Can (custom) GPT speak and respond via voice?

Hi Everyone!

I’m new to the community and I have limited programming experience. I was excited to see the new update where we can create a GPT with limited coding knowledge. I have begun creating GPTS on ChatGPT 3.5 on the Pro Plan using the new update.

I want to make a GPT where instead of having the user experience be typing out and having text based conversations, I want to have the conversation be able to happen with the GPT responding via voice and the user can also respond by voice.

Is there a way I can turn the GPTs responses to voice and also have the user respond via their voice and have the GPT respond via voice audio? So in short, I want to make the experience feel more like a natural conversation with someone rather than typing everything out.

Is there an easy way to do this? If so, how would one go about this?


Yes. It’s built in. If you are using the app all you need to do is press the headphone icon and it starts a continuous voice conversation.

It’s a little glitchy though, but that’s TTS engines in general.

If you are talking about API then yes, also possible. You just need to facilitate it yourself.

Opinion: You may want to consider something like Eleven Labs. They are kicking ass with TTS.

They offer a lot more control. You can create and tune your own model (can even use your own voice, I have David Attenborough as my personal assistant, it’s great!), it’s cheaper, there’s a vast library of available models, and they have some good prompting elements like SSML (I think it’s called) (it’s for pronunciation) and pausing.

1 Like

Do they offer streaming option as well? So no need to wait the end of the audio.

Yes, as @RonaldGRuckus said, if you download the app, you can just speak with your gpt. It’s an AMAZING experince!.

However, I’m making a React-Native app where my goal to reach the same. With extra feature > To generate images with dalle while its talking, so if I need a story + an img, I will hear the story and when its finish the audio, I will see the img as well (or even before).
At the current stage with GPT, it will speak the story and then start generating the img, which is little anoying.

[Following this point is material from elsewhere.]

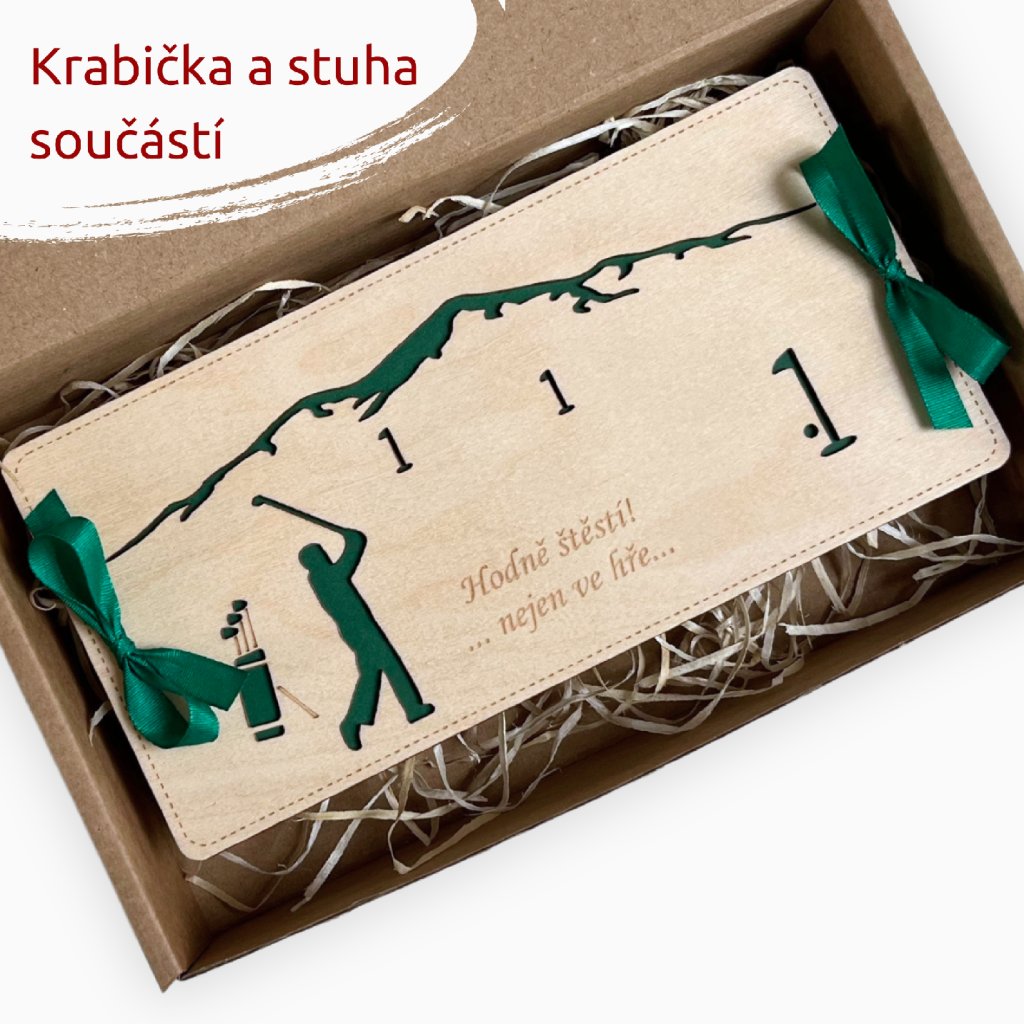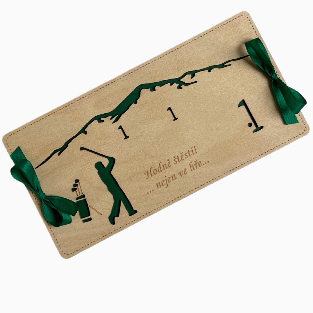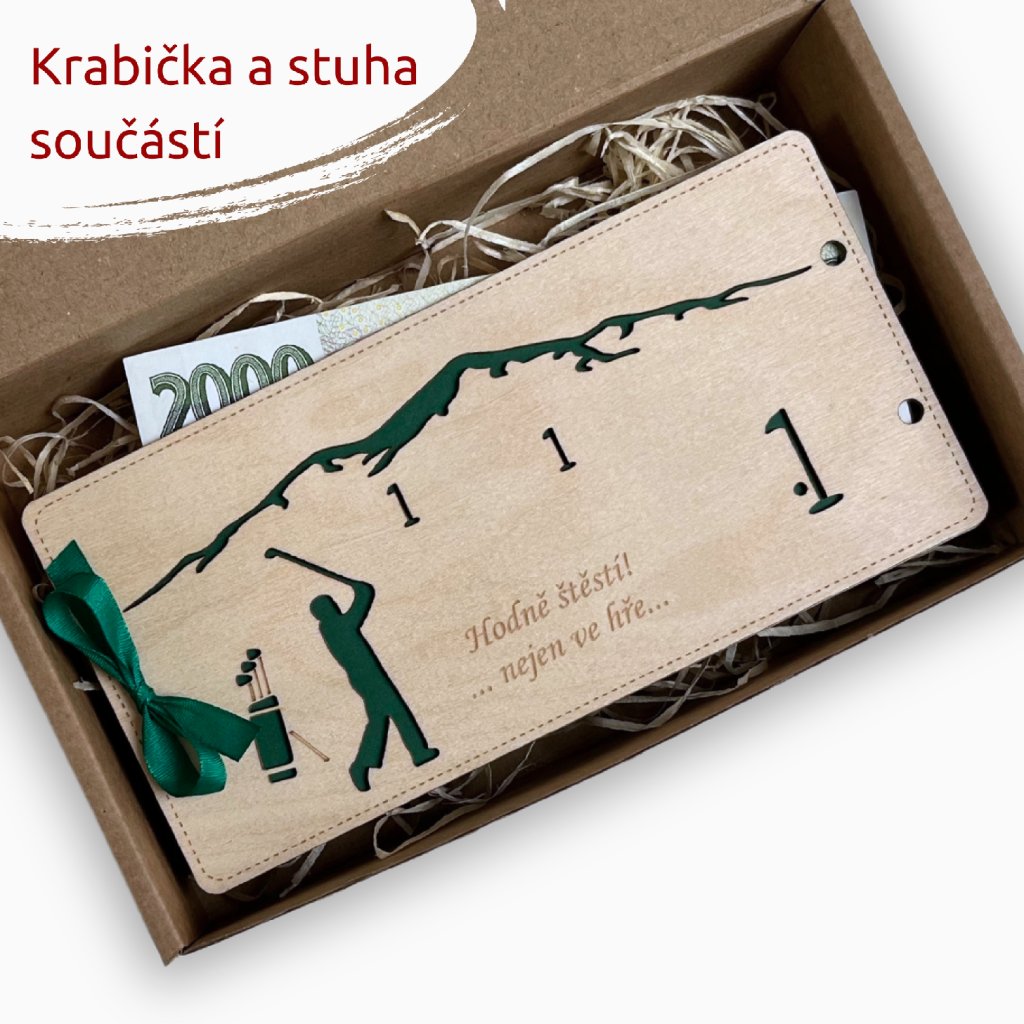 Dřevěné pouzdro na peníze - GOLF krabička a stuha součástí

I’ll do it open source so if you or anyone is interested, feel free to reach me aout :slight_smile:

1 Like

Hi. After reading the information in this thread I have a question. Can I organize and set up simultaneous voice translation during an online meeting? If it is possible how can I technically realize it?

Yes they offer streaming

Did you tried in ChatGPT app the voice chat function?

dmisi98 I haven’t tried the voice chat feature yet, no interlocutor. I’m in the middle of the night, so I’ll try it in the morning. Do you have any positive experience using simultaneous interpretation with voice chat?

I really love it. Only issue, it can’t make parallel jobs like speaking and generating img in same time. But possibli you do not need that :slight_smile:

1 Like

I’m a bit confused, everyone here is saying its built into the app, but when I use the app, there is no headphones icon and seemingly no way to talk to GPT.

Is this only included if you pay for 4.0?

Hi. Yes, it is only available with the paid version. It simply doesn’t show as an option on the free one.

I’ve taken your recommendation and am blown away with Eleven Labs, but is there a way to merge it with Chat GPT? I love the conversational capabilities of Chat GPT but love the natural TTS of Eleven Labs. It would be great if I could merge the two somehow.

Please note: I have very limited - almost no - coding ability!

Unfortunately you can’t connect ElevenLabs with GPTs. It would only be something workable with Assistants (API)

1 Like

There is a chrome (and edge) extension called Talk-to-ChatGPT (its not an app, it only works in a browser) that allows you to chat with chatGPT and integrate elevenlabs voices.

You just need to enter your elevenlabs API. No coding required.